■ **WHAT TO DO**: Give the lines again exactly as they appear below, from the line with "[WT] ÁÖÂ÷±Ç¹ßÇà±â(TDR-4011, PETÀçȰ¿ë" to the line with "Add a timeless, vintage-inspired", both included, and only those lines. Leave every picture out.

===== MATERIAL FOR THIS TASK =====

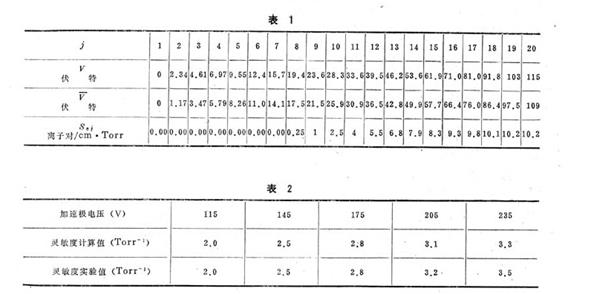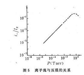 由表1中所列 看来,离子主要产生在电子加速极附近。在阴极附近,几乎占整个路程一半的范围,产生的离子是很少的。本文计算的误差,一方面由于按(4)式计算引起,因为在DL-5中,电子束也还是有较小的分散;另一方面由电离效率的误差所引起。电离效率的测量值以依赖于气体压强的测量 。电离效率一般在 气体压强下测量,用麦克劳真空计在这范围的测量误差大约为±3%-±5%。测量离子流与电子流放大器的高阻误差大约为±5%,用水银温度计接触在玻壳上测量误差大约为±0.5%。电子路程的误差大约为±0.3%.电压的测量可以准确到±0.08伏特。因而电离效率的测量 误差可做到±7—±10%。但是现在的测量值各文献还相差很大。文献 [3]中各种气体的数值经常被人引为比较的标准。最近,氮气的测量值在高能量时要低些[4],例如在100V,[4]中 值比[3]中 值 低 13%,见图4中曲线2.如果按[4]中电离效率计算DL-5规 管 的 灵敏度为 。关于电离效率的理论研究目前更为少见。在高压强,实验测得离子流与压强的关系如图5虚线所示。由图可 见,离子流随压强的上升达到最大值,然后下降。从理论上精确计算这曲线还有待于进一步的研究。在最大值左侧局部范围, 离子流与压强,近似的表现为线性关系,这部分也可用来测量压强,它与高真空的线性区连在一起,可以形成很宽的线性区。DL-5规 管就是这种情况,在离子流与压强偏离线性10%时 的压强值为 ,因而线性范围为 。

=====
===== MATERIAL FOR THIS TASK =====

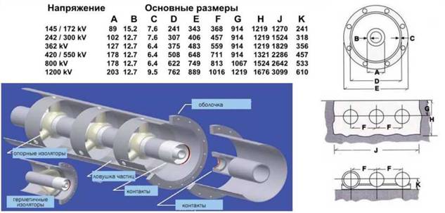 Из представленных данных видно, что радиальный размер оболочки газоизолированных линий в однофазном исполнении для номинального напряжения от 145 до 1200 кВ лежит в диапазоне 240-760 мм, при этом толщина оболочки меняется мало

=====
===== MATERIAL FOR THIS TASK =====

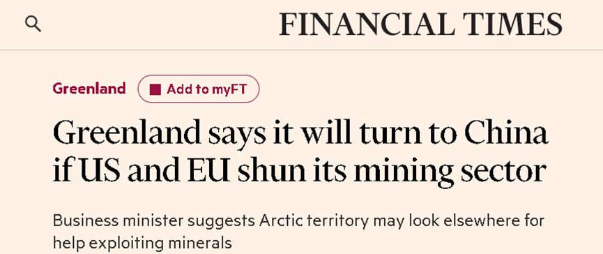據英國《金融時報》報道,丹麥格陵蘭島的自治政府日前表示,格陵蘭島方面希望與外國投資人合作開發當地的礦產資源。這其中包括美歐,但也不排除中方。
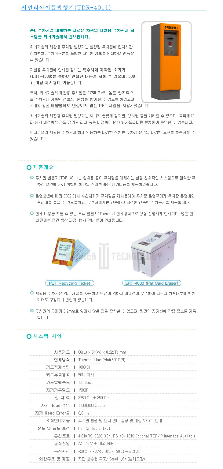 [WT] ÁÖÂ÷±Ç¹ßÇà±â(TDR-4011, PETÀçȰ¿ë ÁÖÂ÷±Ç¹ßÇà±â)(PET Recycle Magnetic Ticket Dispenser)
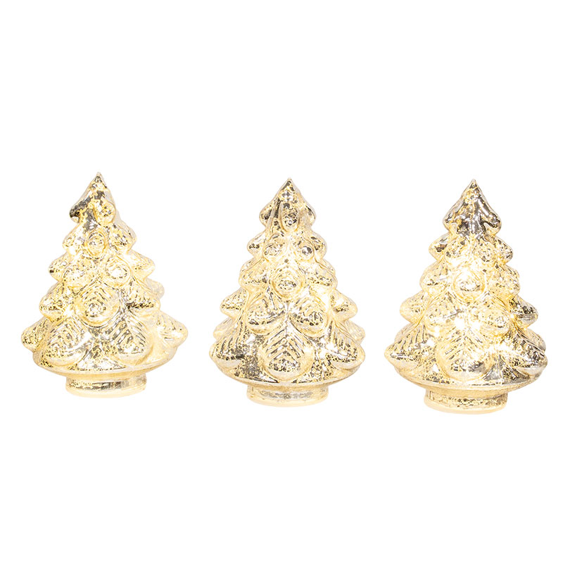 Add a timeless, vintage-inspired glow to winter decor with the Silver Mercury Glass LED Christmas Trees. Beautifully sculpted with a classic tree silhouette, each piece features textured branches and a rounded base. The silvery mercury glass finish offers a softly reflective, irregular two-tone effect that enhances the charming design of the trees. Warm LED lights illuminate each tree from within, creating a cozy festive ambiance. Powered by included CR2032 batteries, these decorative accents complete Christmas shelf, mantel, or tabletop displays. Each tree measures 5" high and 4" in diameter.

=====

■ **REPLY TO THE TASK**:
 [WT] ÁÖÂ÷±Ç¹ßÇà±â(TDR-4011, PETÀçȰ¿ë ÁÖÂ÷±Ç¹ßÇà±â)(PET Recycle Magnetic Ticket Dispenser)
 Add a timeless, vintage-inspired glow to winter decor with the Silver Mercury Glass LED Christmas Trees. Beautifully sculpted with a classic tree silhouette, each piece features textured branches and a rounded base. The silvery mercury glass finish offers a softly reflective, irregular two-tone effect that enhances the charming design of the trees. Warm LED lights illuminate each tree from within, creating a cozy festive ambiance. Powered by included CR2032 batteries, these decorative accents complete Christmas shelf, mantel, or tabletop displays. Each tree measures 5" high and 4" in diameter.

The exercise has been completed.